HA - power glitch could kill two devices I guess - I’ve seen PCs blow even though UPS protected - albeit with really dodgy power grids in Africa!

How remote Australia. Central AUS.
Are the locations these devices are in cooled. As in less than 25 deg c

So when the power goes down what happens to the temp in the locations??

We know that central Australia goes way over 45 deg C.

But yes i agree with [elvisimprsntr]

Get a good UPS and look at HA.

Some Netgate devices also come with the option for a M.2 ssd. Would this maybe be a more tolerant option than the eMMC? I also had a recent failing eMMC on a 6100 (with ZFS).

Edit: found some answers about SSD here: Netgate 6100 base or max? Logging and eMMC longevity?

Hi @Jaybird3043 welcome to the forum :grinning:. Very sorry to hear about your 6100. Yes the SSD option is worth it. Only a little more $$$ €€€ and it’s replaceable. eMMC is not and the unit is worthless if it fails. So SSD option is basically a kind of insurance.
I’m still running 2100 with 128GB SSD, very nice.
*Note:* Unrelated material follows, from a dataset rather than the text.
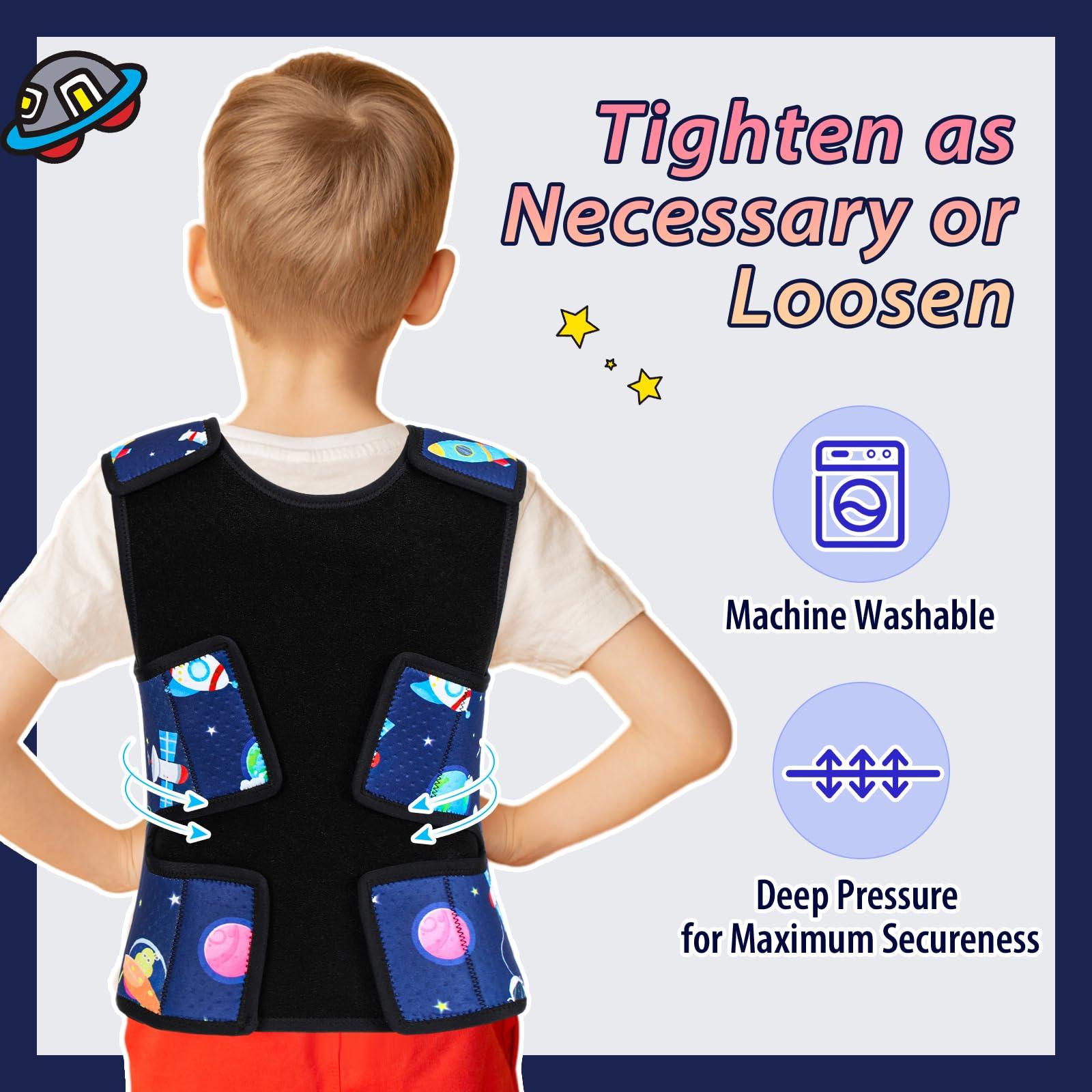 - Easy to Put on: the pressure vest for kids is easy to wear, which can be worn over or under your clothes, without restricting your activity; The vest can wrap tightly around the body and bring you a cozy wearing experience

Hi @CableDude, thank you for your insights! I agree that it is a nice insurance and will definitely add it to my next device.

1 Like

I could probably add to the discussion to, I’ve had the best success using just standard off the shelf computer hardware. I’ve operated a HP Thin Client in a Hot + Humid shed in North Queensland for the last 3 years with now hardware failures - No Air-Con or AC. An SSD with cooling fan for airflow and a system that has adequate heat-sink paste is more than capable of running in hot environments.

I wouldn’t want to run a fanless system though in remote Australia (The like of Mt Isa/Julia Creek) - My thoughts are Airflow is important when there’s no AC available.

Given that all media will fail at some point and so one just has to make a plan for when that happens, is there any real world experience on making the boot media fault tolerant via mirroring in ZFS or otherwise?

I had tried using USB sticks for very simple low-write configs (primarily since a non-skilled user at a remote site can easily swap out to a cloned backup stick) but even premium sticks failed regularly so am looking for a balance between reliability, cost and recovery from failures without skilled intervention.

1 Like

This would be very nice.